The black below is her arm from the elbow to the hand. The hand is just at the
bottom right of the image with the line going in a /| shape right below the
elbow of the left (right as we see it) arm. The tip is the fingers. They look
a bit too long but i think it is mainly due to the line width.

The anatomy could have been better (the neck is a bit too long, the left
shoulder is a bit too rotated, the left upper arm is a bit too short) and a
couple of lines are too long that can be distracting, but overall it is very
obvious to me that this is a pose with a tilted head, right arm on stomach and
below breasts touching the side/back, left arm rotated a bit forward, on top
of second arm with a slight angle in the elbow.
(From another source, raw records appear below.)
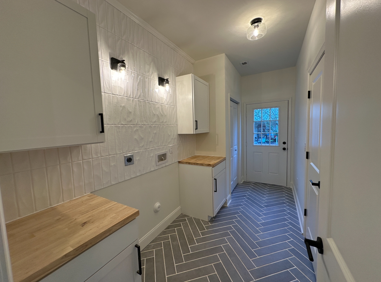 This gorgeous, country-style home consists of three bedrooms and two bathrooms within 1,334 square feet. The Great Room, Kitchen, and Dining Area share a large open floor plan. The Kitchen features a large island with a microwave drawer, an additional sink, and seating. Upper and lower cabinets provide plenty of kitchen storage. The spacious laundry room has cabinets for additional storage and a closet conveniently located by the exterior door. The Master Bedroom has a large walk-in closet, a bathroom with double sinks, a linen closet, and an oversized shower. The other two bedrooms are on the opposite side of the home with a bathroom between the two. From the kitchen, there is an 8-foot-deep deck.
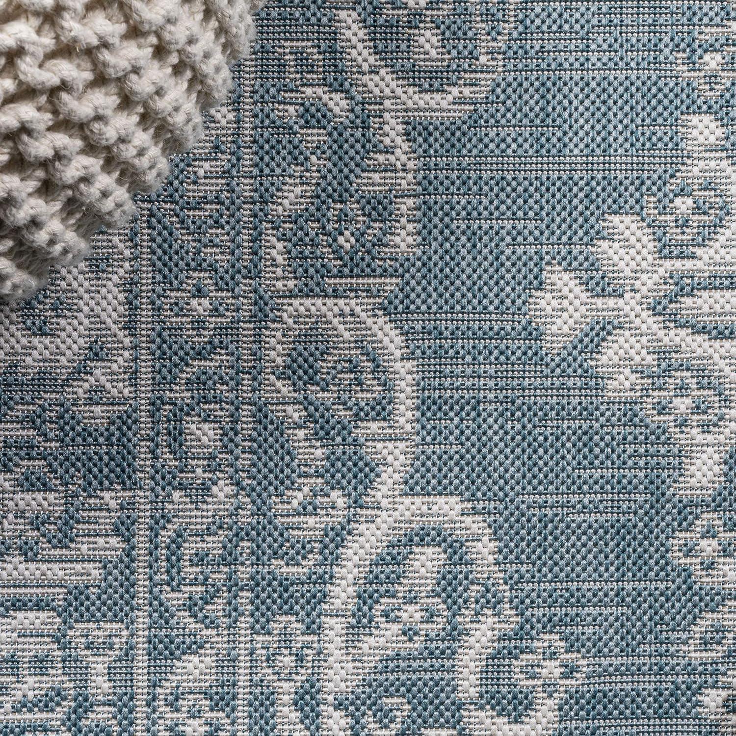 JONATHAN Y Filigree Indoor Outdoor Runner Rug 2X8 Teal/Ivory, Galon for Backyard, Patio, Porch, Easy-Cleaning, High Traffic, Pet-Friendly, Non-Shedding (SMB120B-28)(Blue/Beige)
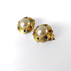 Vintage Weiss Gold Pearl Rhinestone Clip Earrings
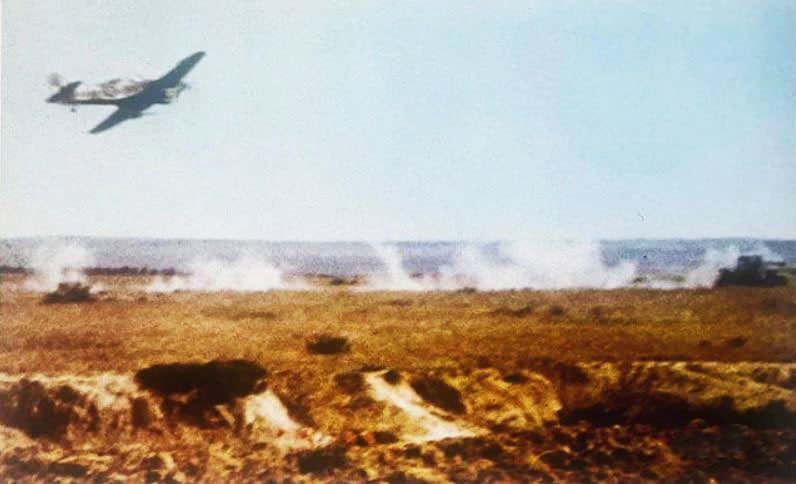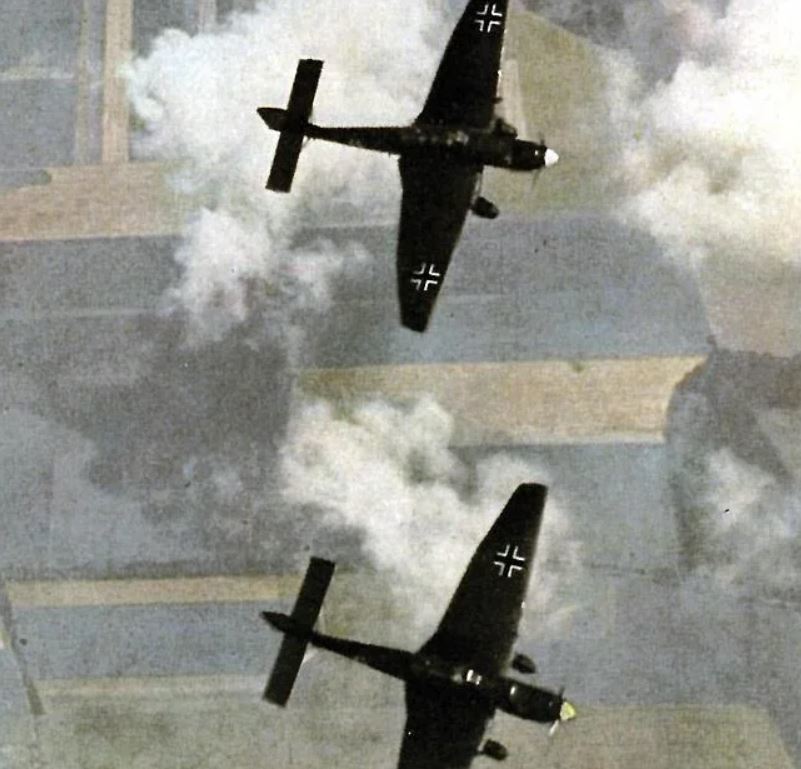 Junkers Ju-87, известный союзникам и странам Оси как «Stuka» (аббревиатура от «Пикирующий бомбардировщик»), начинает разбег, предшествующий пикированию на цель. Бомбардировка с пикирования позволяла бомбардировщикам очень точно поражать небольшие цели, а немцам — уничтожать транспортные средства, командные пункты и даже огневые позиции перед наземной атакой — это было важной частью их тактики блицкрига.
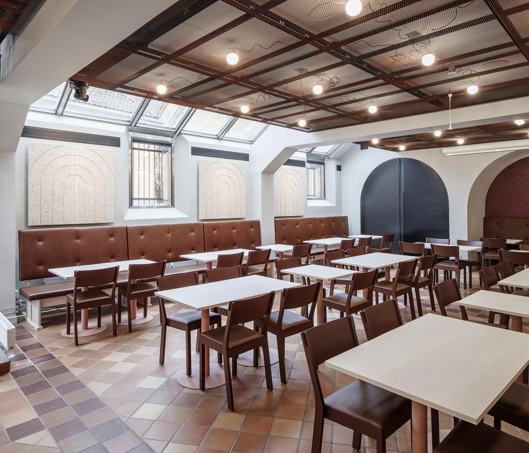 The material palette is both practical and poetic, with reuse as a natural foundation. A large portion of the furniture has been given new life, strengthening both sustainability and the sense of continuity. To achieve a harmonious whole among the various reused tables, we developed a special tabletop tray for technical equipment — a simple, unified expression inspired by the form language of the hymn board.

I mean, it _could_ be a bikini but it also could be a dress like in all the
images i linked at. There is not enough detail to say one way or another, the
only hint is that the image is inspired by 40s pinup posters and at least from
a Google Images search one or two had girls wear just a bra or bikini. All
others use full clothes and dresses.

[1]
[https://muscleheaded.files.wordpress.com/2015/11/frahm.jpg](https://muscleheaded.files.wordpress.com/2015/11/frahm.jpg)

[2] [https://www.ebay.com/itm/1940s-Pin-Up-Girl-Glamour-Shot-
Pict...](https://www.ebay.com/itm/1940s-Pin-Up-Girl-Glamour-Shot-Picture-
Poster-Print-Art-Pin-Up-/151095591387)

------
megous
Kudos for not using any pointless HTML tags on the website. I like how you
skip head and body. :)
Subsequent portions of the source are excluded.